In many cases you want to use neither, but rather a decimal floating or fixedpoint type. Binary floating point types can't represent most decimals exactly.

Question 3

Related to What causes floating point rounding errors?. @CodesInChaos my answer there suggests resources to help you make that determination, there is no one-size-fits-all solution.

Question 4

What exactly do you mean by "decimals". If you need to represent values like 0.01 exactly (say, for money), then (binary) floating-point is not the answer. If you merely means non-integer numbers, then floating-point is likely ok -- but then "decimals" is not the best word to describe what you need.

Question 5

Considering (as of today) most graphics cards accept floats over doubles, graphics programming often uses single precision.

Question 6

You don't always have a choice. For example, on the Arduino platform, both double and float equate to float. You need to find an add-in library to handle real doubles.

Question 7

The default choice for a floating-point type should be double. This is also the type that you get with floating-point literals without a suffix or (in C) standard functions that operate on floating point numbers (e.g. exp, sin, etc.).

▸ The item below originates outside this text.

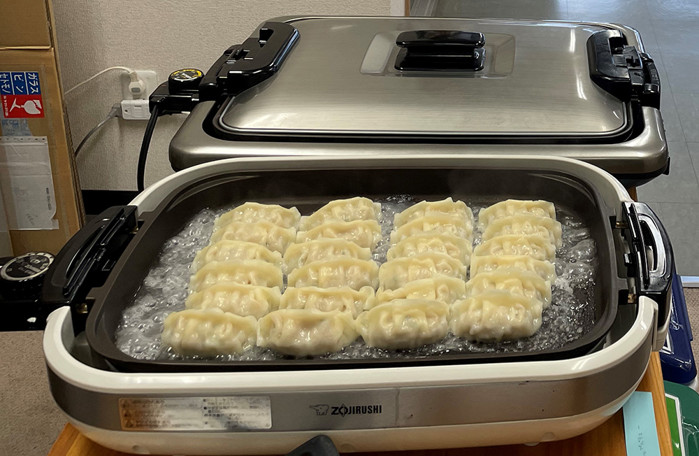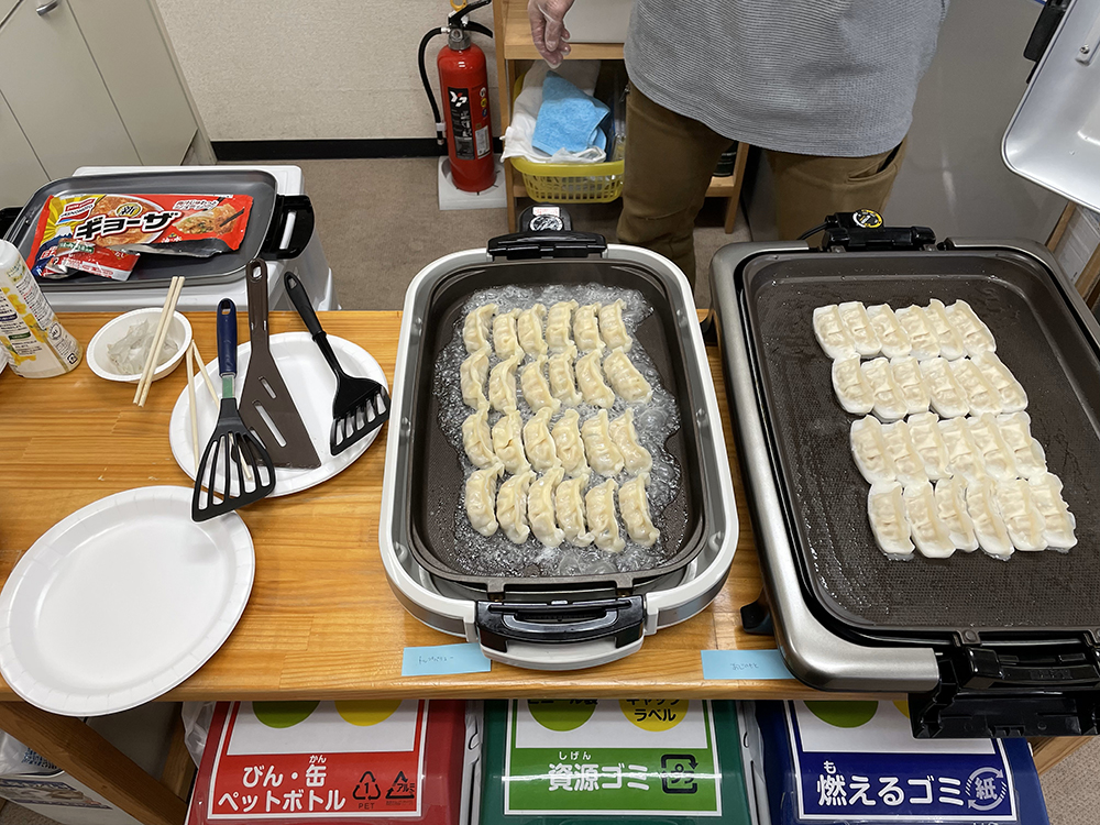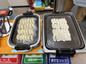 今回は昼食に餃子パーティーをしました。主食は各々持ち寄り、

float should only be used if you need to operate on a lot of floating-point numbers (think in the order of thousands or more) and analysis of the algorithm has shown that the reduced range and accuracy don't pose a problem.

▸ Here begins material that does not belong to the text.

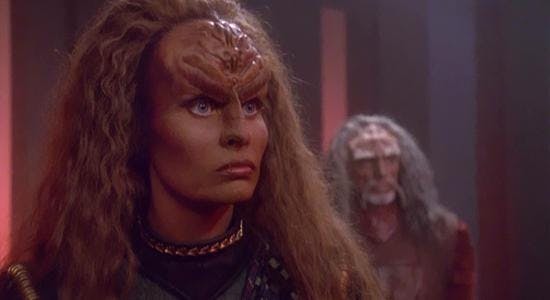 Grilka is definitely at the top, first of all, because she's full Klingon. I love K'Ehleyr and I love B'Elanna, but they're both half-Klingon. B'Elanna, like we see with anyone who's half and half, is they have that internal struggle. I love watching that, but certainly for me, since L'Rell is full Klingon, seeing Grilka, I love her story of eventually becoming the leader of her own house. Klingons are so patriarchal, so that was a great way to explore that story, in both episodes that she's in. Her relationship with Quark was so fun and wonderful, and she just owned herself in this great way. There's something about that I've tried to transfer to L'Rell, and it’s that her strength and power don't negate her sensuality. Grilka is the one that really always comes to mind.

long double can be used if you need more range or accuracy than double, and if it provides this on your target platform.

In summary, float and long double should be reserved for use by the specialists, with double for "every-day" use.

Question 8

I would probably not consider float for a few thousand values unless there were a performance problem related to floating point caching and data transfer. There is usually a substantial cost to doing the analysis to show that float is precise enough.

Question 9

As an addendum, if you need compatibility with other systems, it can be advantageous to use the same data types.

Question 10

I'd use floats for millions of numbers, not 1000s. Also, some GPUs do better with floats, in that specialized case use floats. Else, as you say, use doubles.

Question 11

@PatriciaShanahan - 'performance problem related to..' A good example is if you are planning to use SSE2 or similar vector instructions, you can do 4 ops/vector in float (vs 2 per double) which can give a significant speed improvement (half as many ops and half as much data to read & write). This can significantly lower the threshold where using floats becomes attractive, and worth the trouble to sort out the numeric issues.

Question 12

I endorse this answer with one additional advice: When one is operating with RGB values for display, it is acceptable to use float (and occasionally half-precision) because neither the human eye, the display, or the color system has that many bits of precision. This advice is applicable for say OpenGL etc. This additional advice does not apply to medical images, which have more strict precision requirements.

Question 13

There is rarely cause to use float instead of double in code targeting modern computers. The extra precision reduces (but does not eliminate) the chance of rounding errors or other imprecision causing problems.

The main reasons I can think of to use float are:

You are storing large arrays of numbers and need to reduce your program's memory consumption.
You are targeting a system that doesn't natively support double-precision floating point. Until recently, many graphics cards only supported single precision floating points. I'm sure there are plenty of low-power and embedded processors that have limited floating point support too.
You are targeting hardware where single-precision is faster than double-precision, and your application makes heavy use of floating point arithmetic. On modern Intel CPUs I believe all floating point calculations are done in double precision, so you don't gain anything here.
You are doing low-level optimization, for example using special CPU instructions that operate on multiple numbers at a time.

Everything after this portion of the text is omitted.